Вопрос камнем рухнул между ними. Что-то странное творилось в последнее время. Слишком непривычно вела себя мать, которая обычно не тратила время на разговоры с дочерью. Если вдуматься, Илона не впервые просила Милану покинуть дом. Поощряла ее поездки, игнорировала длительное отсутствие вне светских тусовок.
Она всегда считала, что матери просто плевать на нее. Хотя позже та обязательно журила ее на глазах у прислуги, отца или посторонних за пропущенные вечера.
— Глеб жаждет организовать твой брак с кем-то из его близких партнеров, — вдруг выдала Илона совершенно нормальным тоном.
Распахнув глаза, Милана открыла рот и застыла.
— А я не позволю этому конченому ублюдку сломать жизнь еще и тебе. Чем меньше ты будешь пересекаться с ним и его дружками, тем больше шансов, что пока идея останется только идеей. Понятно?

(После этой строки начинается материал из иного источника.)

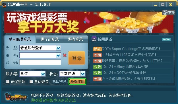 6、双线互联:11对战平台特设双线专区,支持所有电信、网通玩家一起共同进行游戏,不再为网络问题而烦恼,就连校园网都能够支持,实乃历史一大突破。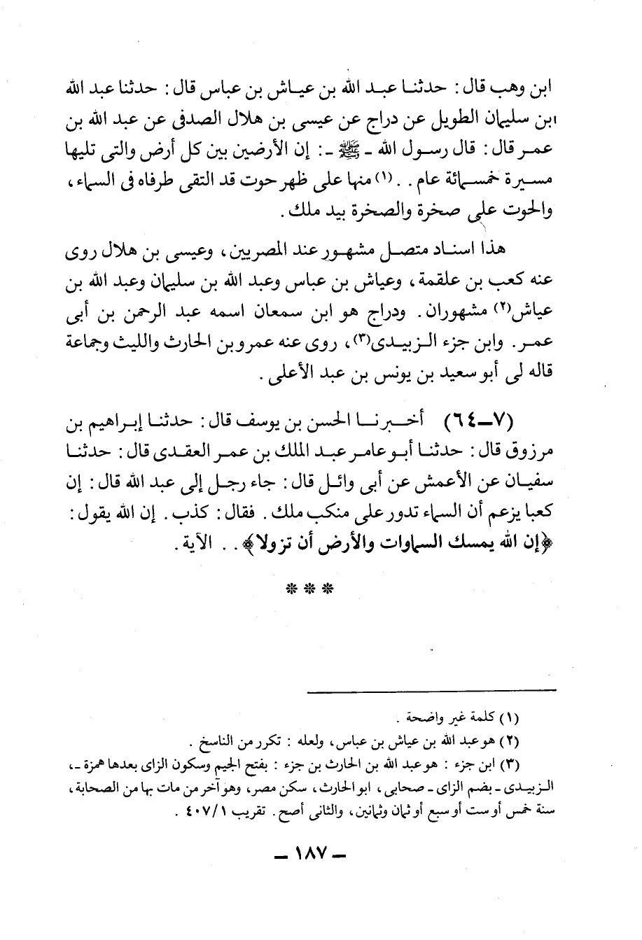 ٦٤ - أَخْبَرَنَا الحَسَنُ بْنُ يُوسُفَ، قَالَ: حَدثنا إِبْرَاهِيمُ بْنُ مَرْزُوقٍ، قَالَ: حَدثنا أَبُو عَامِرٍ عَبْدُ المَلِكِ بْنُ عُمَرَ العَقَدِيُّ، قَالَ: حَدثنا سُفْيَانُ، عَنِ الأَعْمَشِ، عَنْ أَبِي وَائِلٍ قَالَ: جَاءَ رَجُلٌ إِلَى عَبْدِ الله قَالَ: إِنَّ كَعْبًا يَزْعُمُ أَنَّ السَّمَاءَ تَدُورُ عَلَى مَنْكِبِ مَلَكٍ، فَقَالَ: كَذَبَ، إِنَّ الله يَقُولُ: {إِنَّ الله يُمْسِكُ السَّمَاوَاتِ وَالأَرْضَ أَنْ تَزُولَا}. الآيَةُ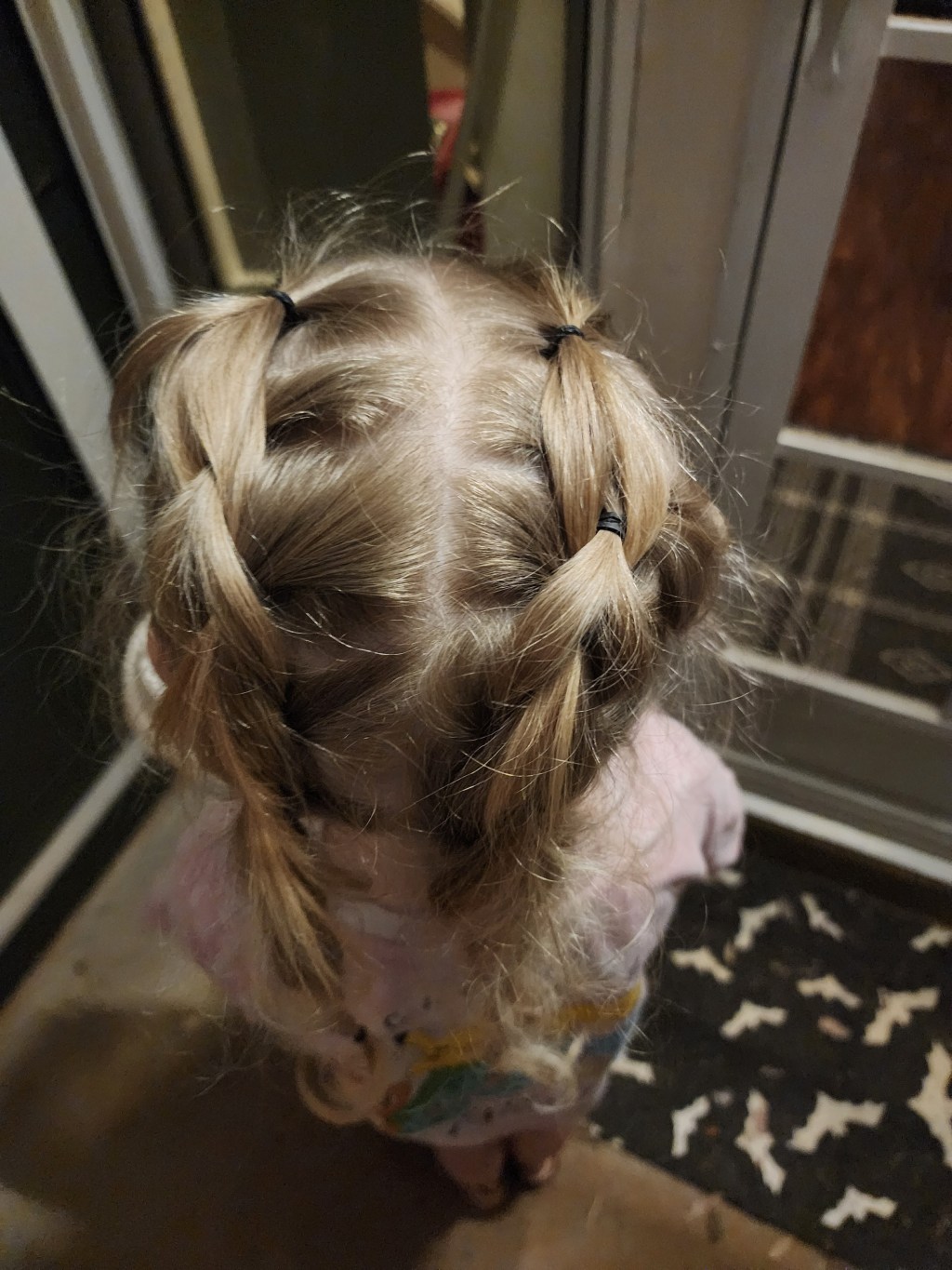 - Doing the kids’ hair: A rushed process because Nyx is climbing, grabbing the brush or spray.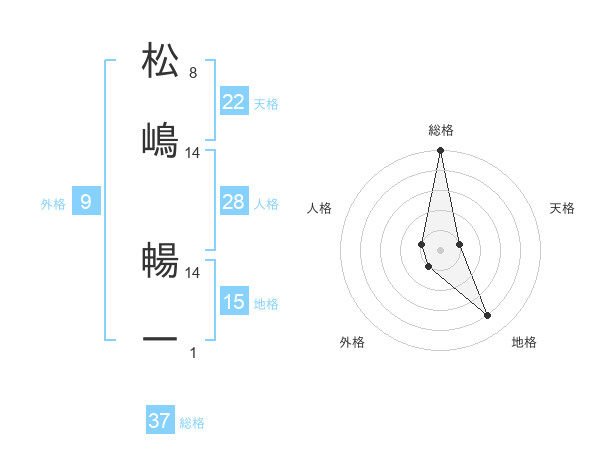 松嶋 暢一さんの総格は37画の5点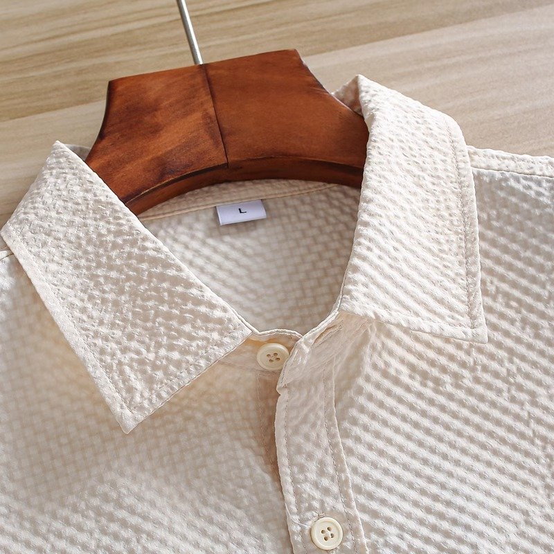 新品 長袖シャツ 涼しい シアサッカー サマー ゆったり 形態安定 メンズ 胸ポケット 吸水速乾 レギュラーカラー/オフホワイトT5031-2XL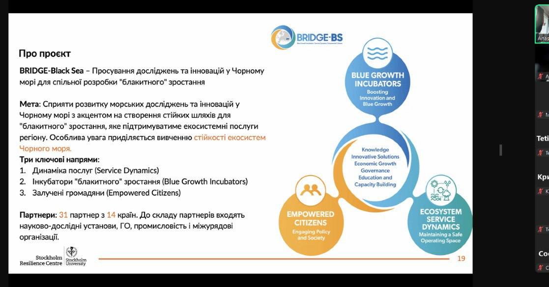 Анастасія Лазня досліджує стійкість екосистем Чорного моря та екосистемні послуги, які вони надають. У рамках проєкту BRIDGE Black Sea проводить ґрунтовний аналіз реакції чорноморських екосистем на численні стресові фактори, включаючи зміни клімату, окислення морської води, забруднення та вплив військових дій. Поєднуючи кількісні та якісні методології, вона має змогу забезпечити точність результатів навіть у випадках браку даних.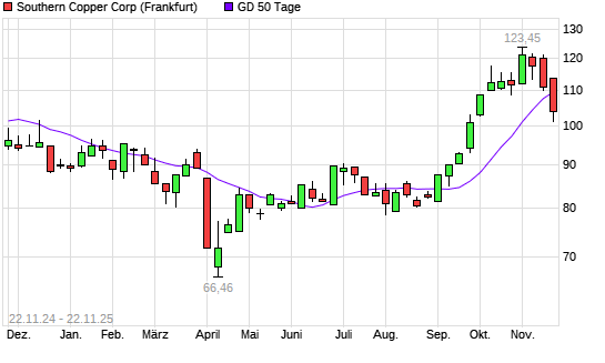 Mit dem Rücksetzer auf 104,10 EUR hat die Southern Copper-Aktie am 21.11.2025 die 50-Tage-Linie nach unten gekreuzt.

Илона провела ладонью по лицу, будто сбрасывая прежнюю маску несчастной женщины. После чего расправила плечи и вернула себе невозмутимый вид. Даже синяк на скуле, потекший макияж и разбитая губа больше не портили ее безупречную красоту.
— Мам, — выдавила Милана.
— Мама все решит, — выдала Илона, точно заведённая. — Все сделает правильно. Как нужно. Поэтому ты молча сидишь и не вмешиваешься никуда. И сегодня ночуешь у подруг. Да?
— Да, — пискнула Милана.
— Вот и хорошо. Собери вещи, водитель сейчас же отвезет тебя, куда скажешь.
Глава 27. Полемика
— Она там одна.
Антон вздохнул и устало откинулся на спинку кресла. Голова гудела, натруженные мышцы плохо слушались. В машине Миланы витал цветочный аромат. Его не перебивал даже резкий запах удобрений, пропитавший кожу рук и одежду.
— Знаю.
— С ним, — опять выдала Милана, глядя строго перед собой. — Одна.
— Именно так.
— Тогда почему мы уехали?!
Антон моргнул и повернул голову, встретившись взглядом со взором Миланы. Сердце трепыхнулось в груди, а потом резко сжалось от бушующего урагана эмоций в глубине зрачков. Будь у него ответ на вопрос, он бы незамедлительно выдал его без обиняков. Но язык примерз к небу, оттого ничего внятного сказать не вышло.
Только тупо промычать:
— Не знаю.
На самом деле Антон знал, что Илона выставила их обоих из дома в благих целях. Чтобы оградить дочь от дружков супруга и него самого, а его от нежелательного внимания Донского. Ведь тот сегодня прибыл к Боярышниковым с личным визитом. И вряд ли страдал потерей памяти в отношении сына своего главного врага.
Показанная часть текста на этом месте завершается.